Отец прочитал молитву, и все повторили произносимые им слова, кроме Семена и Дашеньки, которые еще и не знали ее и совсем не понимали смысла этих слов.
И Миша, в который уже раз повторяя ее, чувствовал, что слова эти кстати, потому что разве не следует поблагодарить творца и за хлеб, который он ниспосылает нам каждый день, и смиренно попросить прощения у тех, перед кем виноват, и великодушно простить тех, кто был должен тебе и даже тебя обидел?
Миша видел, как меняются лица почти всех, читающих молитву. И только те оставались равнодушны к ней, у кого лежала на сердце либо какая–то неизбывная забота или тяжкое удручение или же — и хуже того — томила их душу некая непреходящая маета и не видели они для себя ни выхода, ни утешения.

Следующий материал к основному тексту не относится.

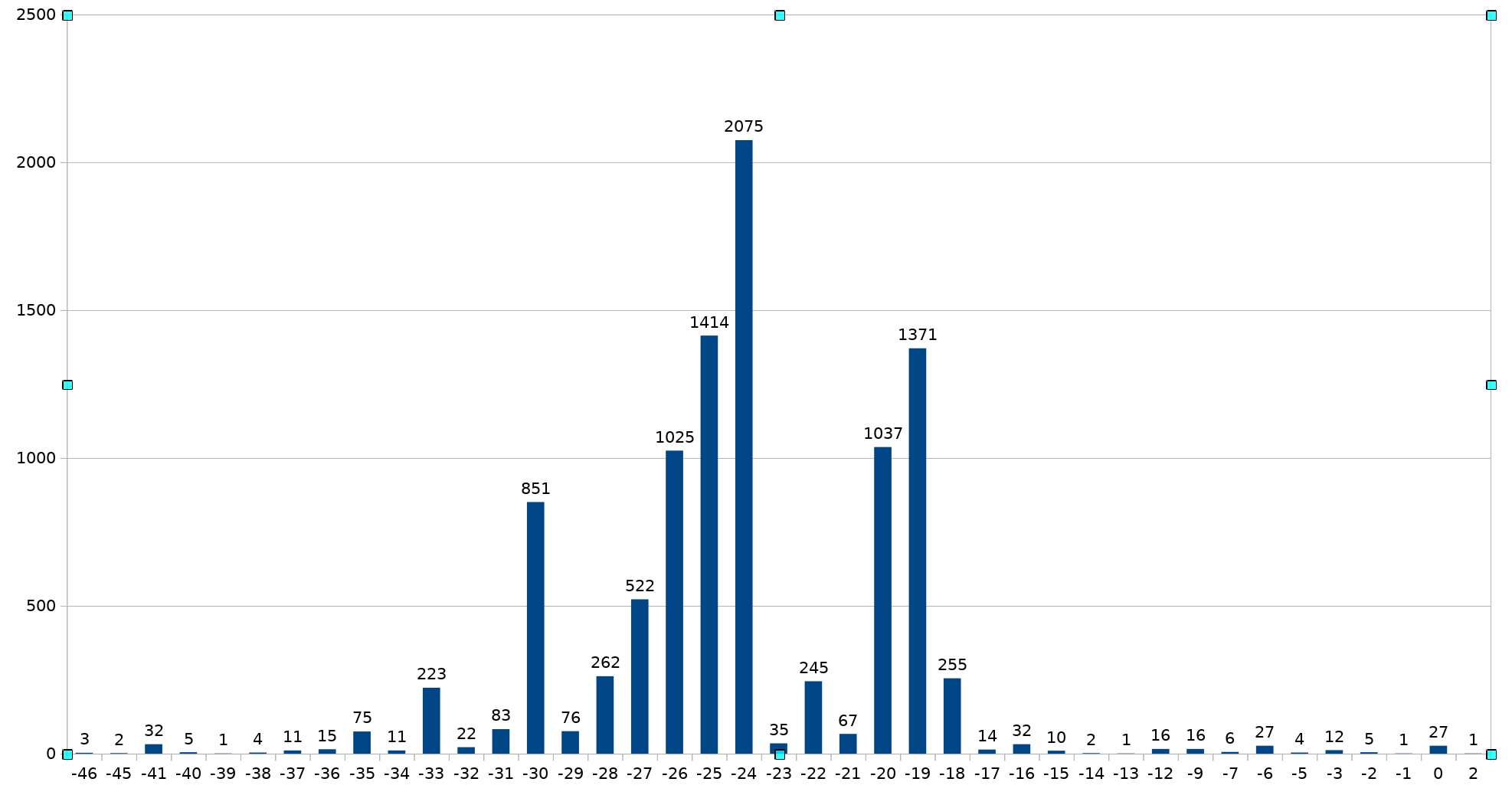TX_Count calib[] = {{-46, 3}, {-45, 2}, {-41, 32}, {-40, 5}, {-39, 1}, {-38, 4}, {-37, 11},

А в семье Голенищева — Кутузова все были верующими, но без фанатизма и кликушества, без ханжества и юродства. Их вера — и бабушки Прасковьи Семеновны, и отца Лариона Матвеевича, и покойной матушки, когда была жива, — была столь же естественна и незатейливо проста, как пение птиц или шум ветра в саду за окнами дома. Их вера была частью природы, как и сами они были ее неотделимыми крупицами, и бог, которому они молились, тоже был долей ее — неизмеримо более важной, чем они сами, но все же неотделимой от всего того, что называли они миром, натурой и естеством.
Да и не видели они возле себя иных людей: безбожники не были в чести и числилось их по одному на сто тысяч, а встретить их можно было разве что в монастырских тюрьмах да в богадельнях, где сидели они в железных ошейниках, прикованные цепями ко вбитым в стены кольцам или скобам, как и иные буйно помешанные. А ежели кто–нибудь из обывателей — будь то вольный человек или крепостной раб — осмеливался богохульствовать и, нечисто сквернословя, ругать церковь и священство, то брали того под микитки и волокли на съезжую, а оттуда в тюрьму, ибо хула на господа, как и поношение государыни считались тягчайшими из всех возможных преступлений.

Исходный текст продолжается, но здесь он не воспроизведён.